=== DATA RECORDS ===

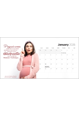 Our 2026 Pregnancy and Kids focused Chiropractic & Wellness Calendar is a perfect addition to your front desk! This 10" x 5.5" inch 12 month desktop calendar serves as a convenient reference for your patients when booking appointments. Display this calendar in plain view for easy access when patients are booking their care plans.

===
=== DATA RECORDS ===

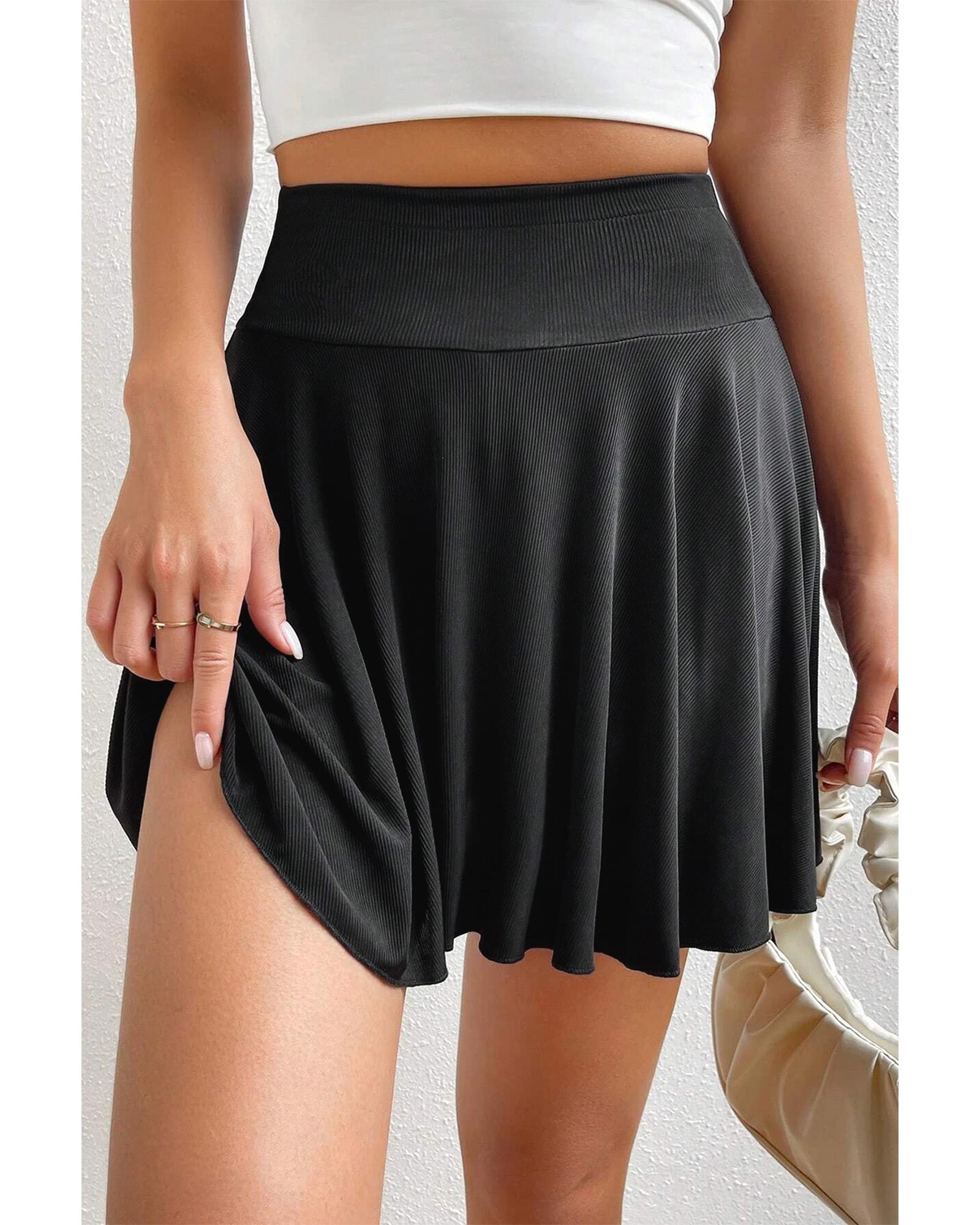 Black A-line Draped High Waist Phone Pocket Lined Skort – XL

===
=== DATA RECORDS ===

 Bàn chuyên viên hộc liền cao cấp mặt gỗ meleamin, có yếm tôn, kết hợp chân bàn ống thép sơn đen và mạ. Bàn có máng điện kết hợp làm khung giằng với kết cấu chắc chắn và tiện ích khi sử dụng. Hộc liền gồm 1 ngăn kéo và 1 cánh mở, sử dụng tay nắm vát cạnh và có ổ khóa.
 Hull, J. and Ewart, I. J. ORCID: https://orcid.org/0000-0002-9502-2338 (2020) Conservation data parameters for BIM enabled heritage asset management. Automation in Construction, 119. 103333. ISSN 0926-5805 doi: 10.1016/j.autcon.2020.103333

===

**EXERCISE AIM:** What is needed is an exact copy of the lines above, from the one containing "Bàn chuyên viên" through the one containing "Hull, J. and", with nothing added.

**EXPECTED ANSWER:**
 Bàn chuyên viên hộc liền cao cấp mặt gỗ meleamin, có yếm tôn, kết hợp chân bàn ống thép sơn đen và mạ. Bàn có máng điện kết hợp làm khung giằng với kết cấu chắc chắn và tiện ích khi sử dụng. Hộc liền gồm 1 ngăn kéo và 1 cánh mở, sử dụng tay nắm vát cạnh và có ổ khóa.
 Hull, J. and Ewart, I. J. ORCID: https://orcid.org/0000-0002-9502-2338 (2020) Conservation data parameters for BIM enabled heritage asset management. Automation in Construction, 119. 103333. ISSN 0926-5805 doi: 10.1016/j.autcon.2020.103333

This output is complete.